#### [RECORDS FOR THE EXERCISE]

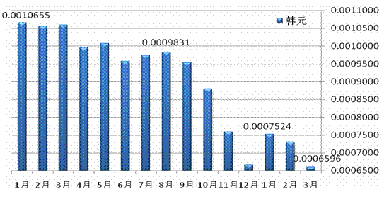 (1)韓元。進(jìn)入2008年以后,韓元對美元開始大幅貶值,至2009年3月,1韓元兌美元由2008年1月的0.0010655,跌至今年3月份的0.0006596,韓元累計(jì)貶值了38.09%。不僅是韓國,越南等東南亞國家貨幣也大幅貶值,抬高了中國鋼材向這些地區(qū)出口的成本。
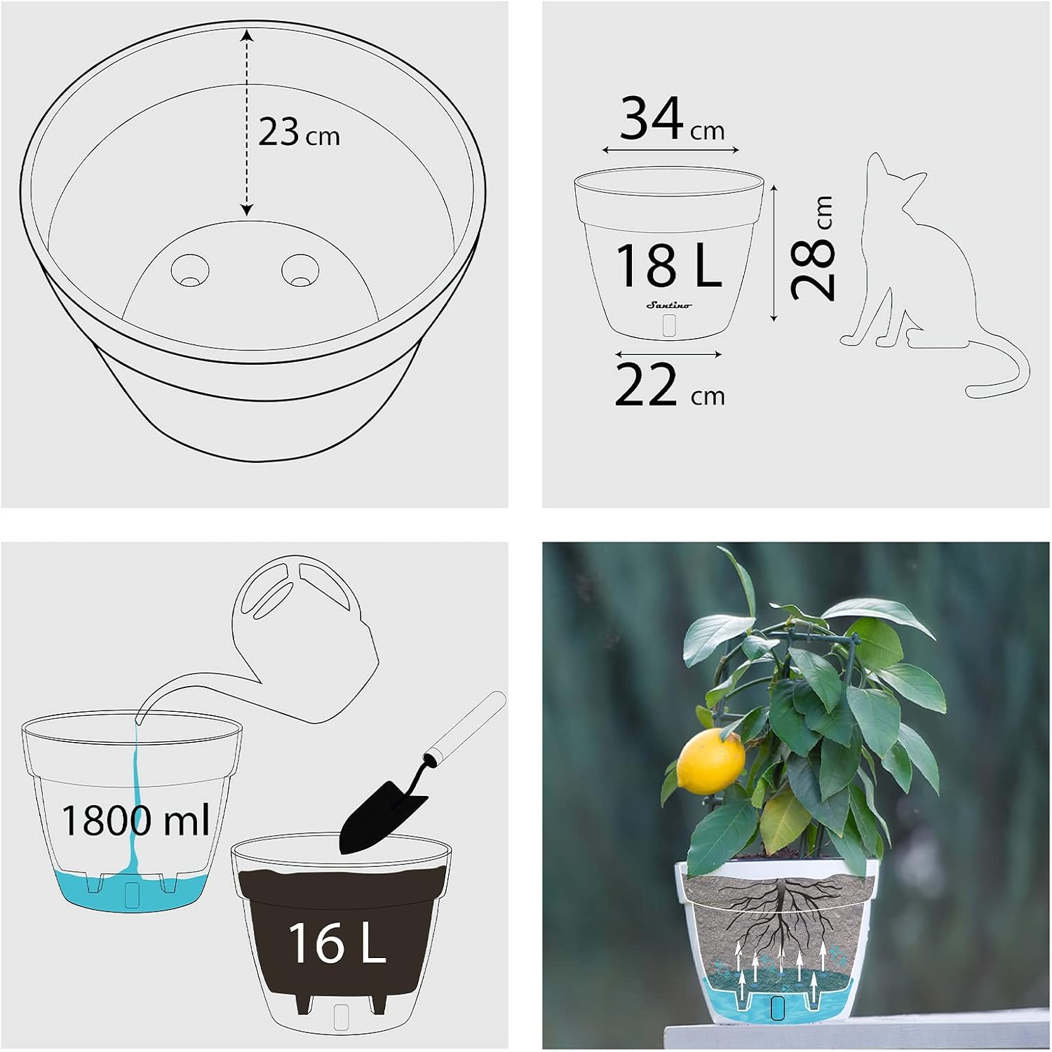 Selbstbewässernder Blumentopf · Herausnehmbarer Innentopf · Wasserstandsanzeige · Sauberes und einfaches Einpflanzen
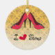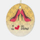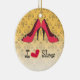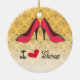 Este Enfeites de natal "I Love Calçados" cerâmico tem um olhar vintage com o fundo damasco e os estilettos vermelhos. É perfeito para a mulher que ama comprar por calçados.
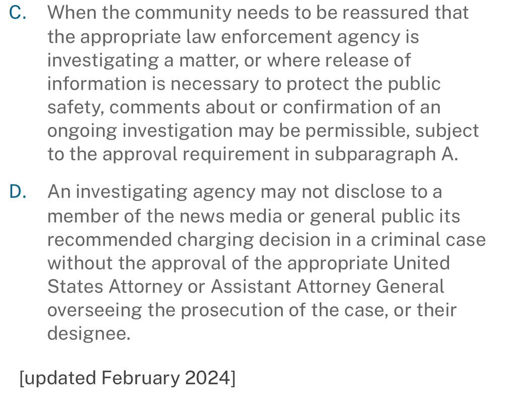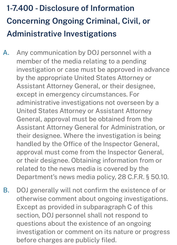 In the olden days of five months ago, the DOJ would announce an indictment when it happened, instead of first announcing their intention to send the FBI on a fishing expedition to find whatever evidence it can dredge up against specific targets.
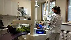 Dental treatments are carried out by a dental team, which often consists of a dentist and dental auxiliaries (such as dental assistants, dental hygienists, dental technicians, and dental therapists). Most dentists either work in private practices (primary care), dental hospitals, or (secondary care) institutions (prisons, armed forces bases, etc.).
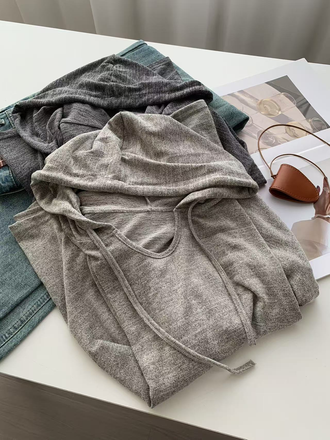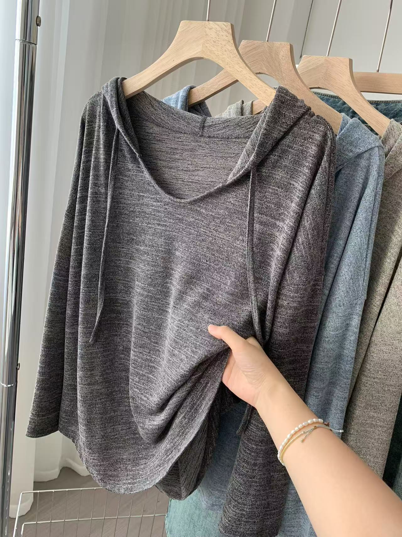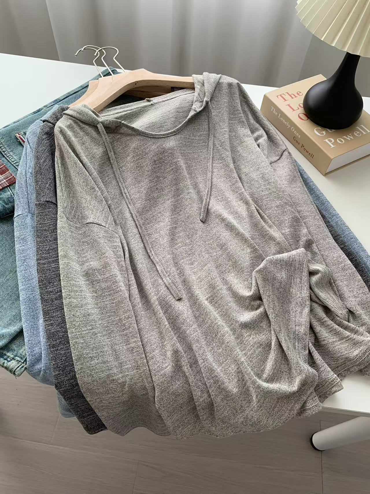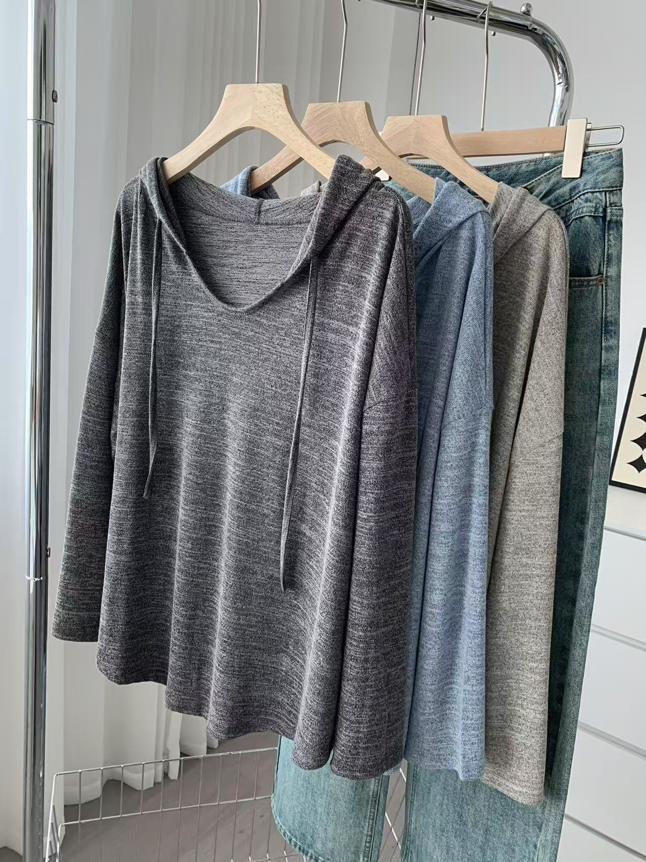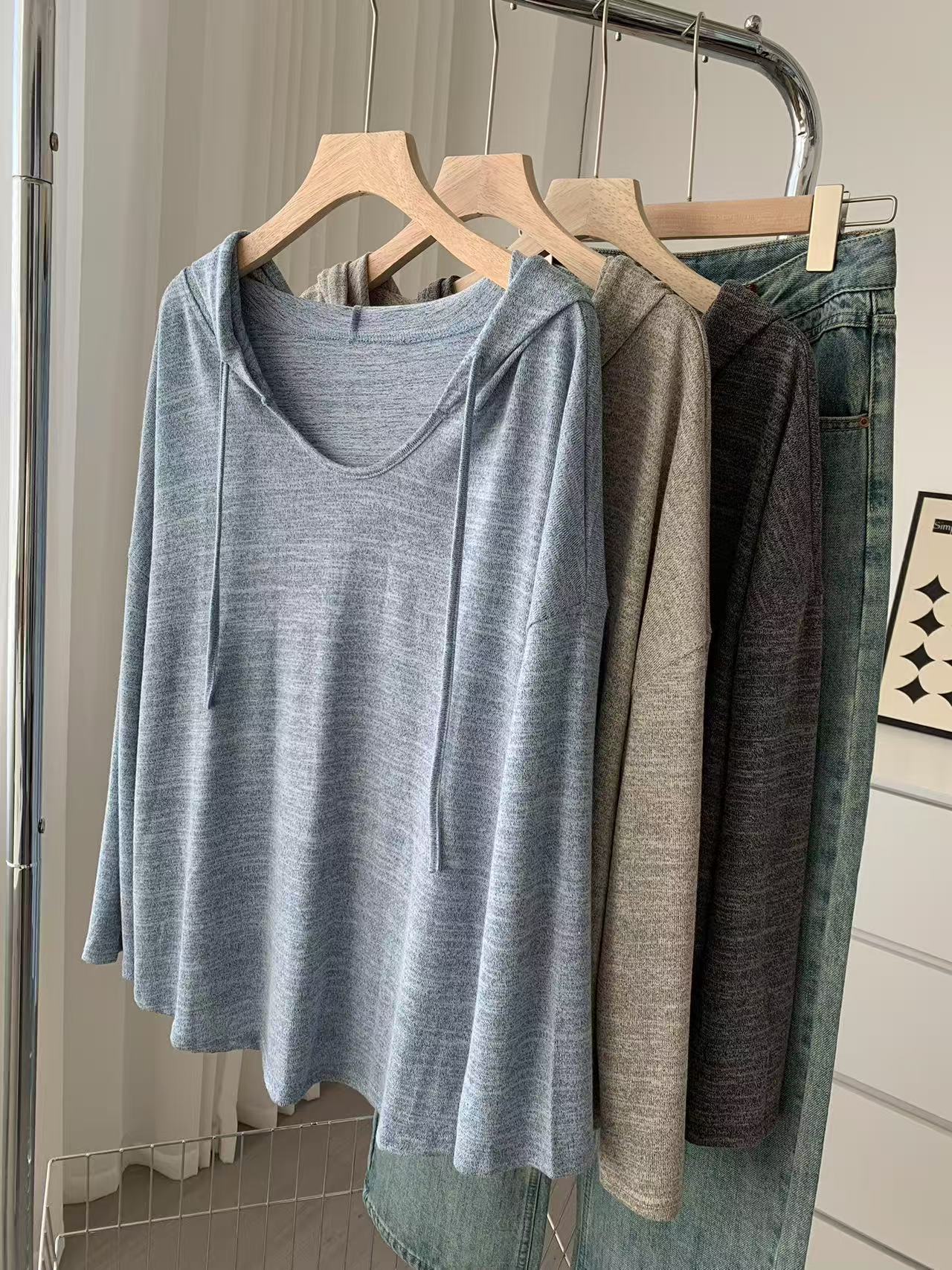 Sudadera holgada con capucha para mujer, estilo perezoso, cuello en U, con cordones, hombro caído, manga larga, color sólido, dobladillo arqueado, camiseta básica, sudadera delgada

---

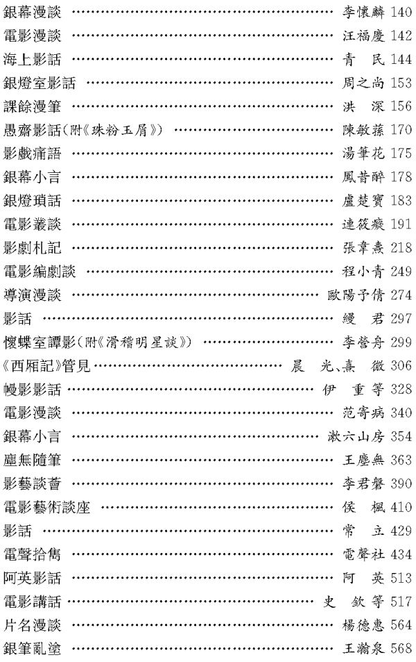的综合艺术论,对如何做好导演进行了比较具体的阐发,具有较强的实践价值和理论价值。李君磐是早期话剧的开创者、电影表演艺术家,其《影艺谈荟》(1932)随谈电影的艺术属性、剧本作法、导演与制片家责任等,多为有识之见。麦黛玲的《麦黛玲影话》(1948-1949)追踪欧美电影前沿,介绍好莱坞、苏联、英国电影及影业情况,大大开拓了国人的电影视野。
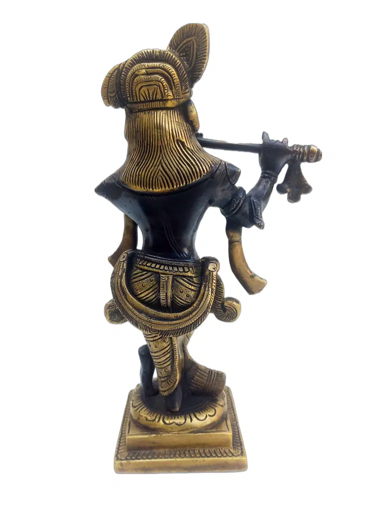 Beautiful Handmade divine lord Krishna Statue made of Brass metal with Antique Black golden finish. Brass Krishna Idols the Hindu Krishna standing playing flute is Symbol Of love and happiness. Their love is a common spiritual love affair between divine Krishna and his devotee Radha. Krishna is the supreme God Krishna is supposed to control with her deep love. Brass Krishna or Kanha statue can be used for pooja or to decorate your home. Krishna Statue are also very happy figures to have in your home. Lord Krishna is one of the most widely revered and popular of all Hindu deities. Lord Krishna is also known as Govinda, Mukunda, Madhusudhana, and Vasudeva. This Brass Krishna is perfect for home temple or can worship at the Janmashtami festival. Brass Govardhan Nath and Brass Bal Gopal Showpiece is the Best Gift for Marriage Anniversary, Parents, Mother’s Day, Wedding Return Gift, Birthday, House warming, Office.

#### [PROBLEM TO SOLVE]
In the entries above, find the line containing "Dental treatments are" and the line containing "Sudadera holgada con"; give again exactly those two lines and every line between them, minus the pictures.

#### [THE ANSWER]
 Dental treatments are carried out by a dental team, which often consists of a dentist and dental auxiliaries (such as dental assistants, dental hygienists, dental technicians, and dental therapists). Most dentists either work in private practices (primary care), dental hospitals, or (secondary care) institutions (prisons, armed forces bases, etc.).
 Sudadera holgada con capucha para mujer, estilo perezoso, cuello en U, con cordones, hombro caído, manga larga, color sólido, dobladillo arqueado, camiseta básica, sudadera delgada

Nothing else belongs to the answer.